=== AVAILABLE DATA ===
-- Opening Marker --
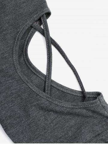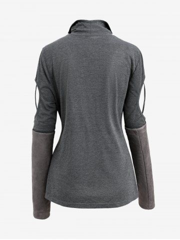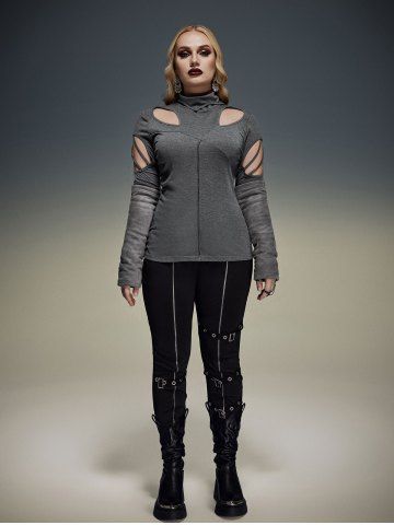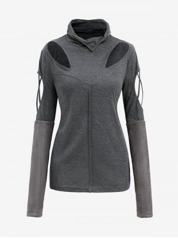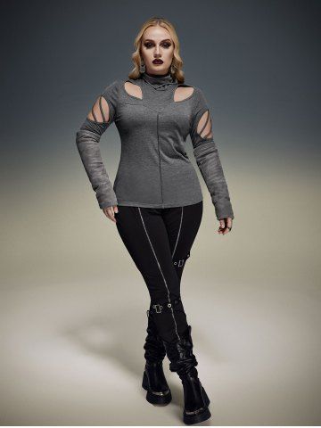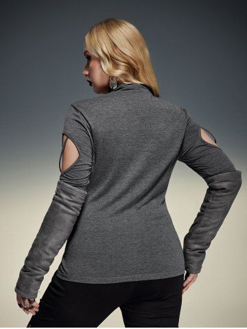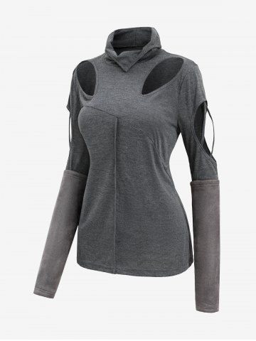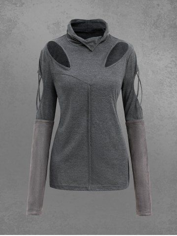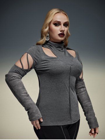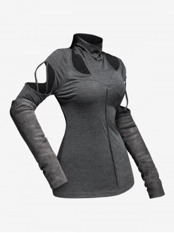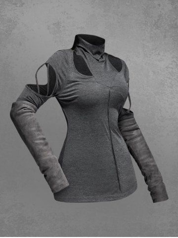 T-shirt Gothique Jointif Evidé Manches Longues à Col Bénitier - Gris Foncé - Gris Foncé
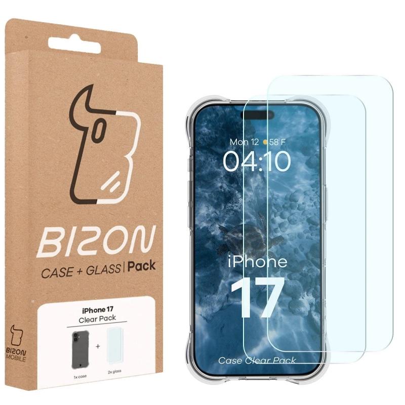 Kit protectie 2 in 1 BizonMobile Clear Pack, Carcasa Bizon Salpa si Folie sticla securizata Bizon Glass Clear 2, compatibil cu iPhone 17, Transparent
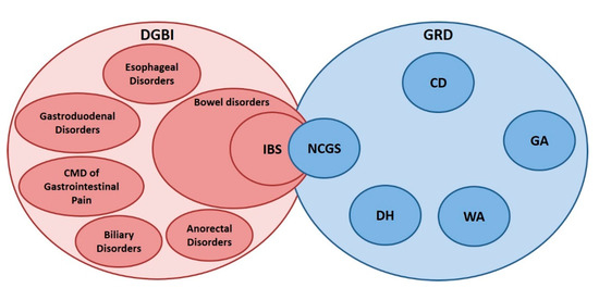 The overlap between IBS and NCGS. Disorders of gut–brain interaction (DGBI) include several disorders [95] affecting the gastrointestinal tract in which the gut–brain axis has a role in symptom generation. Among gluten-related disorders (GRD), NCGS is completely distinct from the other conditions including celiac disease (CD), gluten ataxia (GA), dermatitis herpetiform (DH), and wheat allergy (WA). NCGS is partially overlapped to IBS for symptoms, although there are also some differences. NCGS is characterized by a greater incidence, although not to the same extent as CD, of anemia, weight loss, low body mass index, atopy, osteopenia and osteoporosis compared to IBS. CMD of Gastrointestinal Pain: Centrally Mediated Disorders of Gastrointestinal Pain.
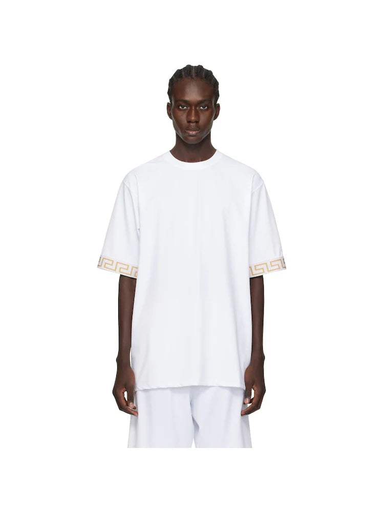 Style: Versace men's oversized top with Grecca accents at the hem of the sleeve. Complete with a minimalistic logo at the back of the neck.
-- Closing Marker --
=== PROBLEM ===
Only the pictures are to be dropped; return everything else in the listing exactly.

=== ANSWER AREA ===
 T-shirt Gothique Jointif Evidé Manches Longues à Col Bénitier - Gris Foncé - Gris Foncé
 Kit protectie 2 in 1 BizonMobile Clear Pack, Carcasa Bizon Salpa si Folie sticla securizata Bizon Glass Clear 2, compatibil cu iPhone 17, Transparent
 The overlap between IBS and NCGS. Disorders of gut–brain interaction (DGBI) include several disorders [95] affecting the gastrointestinal tract in which the gut–brain axis has a role in symptom generation. Among gluten-related disorders (GRD), NCGS is completely distinct from the other conditions including celiac disease (CD), gluten ataxia (GA), dermatitis herpetiform (DH), and wheat allergy (WA). NCGS is partially overlapped to IBS for symptoms, although there are also some differences. NCGS is characterized by a greater incidence, although not to the same extent as CD, of anemia, weight loss, low body mass index, atopy, osteopenia and osteoporosis compared to IBS. CMD of Gastrointestinal Pain: Centrally Mediated Disorders of Gastrointestinal Pain.
 Style: Versace men's oversized top with Grecca accents at the hem of the sleeve. Complete with a minimalistic logo at the back of the neck.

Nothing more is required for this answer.